Using it is pretty straightforward. It works as a command wrapper. You clone it, build it, and then change your MCP configuration files to route through it using a double-dash (--) separator to isolate the gateway's parameters from the actual server command.
For example, to secure the official Anthropic filesystem server inside Claude Desktop, your claude_desktop_config.json would look like this:

{
  "mcpServers": {
    "secure-filesystem": {
      "command": "node",
      "args": [
        "/path/to/safemcp-gateway/dist/safemcp-gateway.js",
        "--workspace",
        "/your/safe/development/folder",
        "--",
        "npx",
        "-y",
        "@modelcontextprotocol/server-filesystem",
        "/your/safe/development/folder"
      ]
    }
  }
}

If you're using Cursor, you just add a new MCP server with the type set to command and drop a similar string right into your settings panel.
Once it's active, it's completely invisible. It stays out of your way unless a tool parameter actually violates a security constraint.
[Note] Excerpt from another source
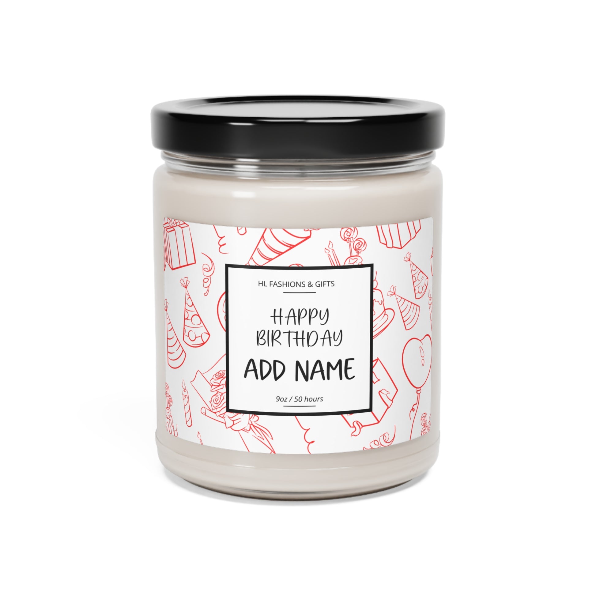 Custom Happy Birthday Soy Candle - Bright Red Label

If a prompt injection hits your agent, the gateway drops a -32602 JSON-RPC error frame, your editor prints "Access Denied", and your host machine stays completely safe.

Check out the code

The project is completely open-source. If you want to check out the source code, contribute a policy rule, or set it up on your own machine, the repository is up on GitHub:
👉 Angwyn/safemcp-gateway
If agentic software engineering is actually going to work out long-term, we have to start decoupling our transport protocols from our security frameworks. We can't keep trusting raw strings. Stop giving your models root access to your machine without a gatekeeper.
Take a look, try it out, and let me know if you run into any weird edge cases or if there are specific security rules you think should be added to the default blocklist!

Top comments (1)

Raju Dandigam • Jul 2

Your point that the scary part of MCP is not "the model turns evil" but that local subprocesses inherit your exact user permissions is the right framing. The path-traversal example is especially useful because it translates prompt injection into a failure mode infra teams already understand: untrusted input crossing a capability boundary. In production I have found the biggest win is making the filesystem and tool layer enforce its own allowlist and audit trail so the model never gets to reason its way around scope. agent-inspect has pushed me toward the same pattern on the observability side: if you cannot see the tool call, arguments, and denial reason, you cannot harden it. Curious whether you see SafeMCP living mostly as a local dev guardrail or as a pattern teams will embed inside hosted agent runtimes too.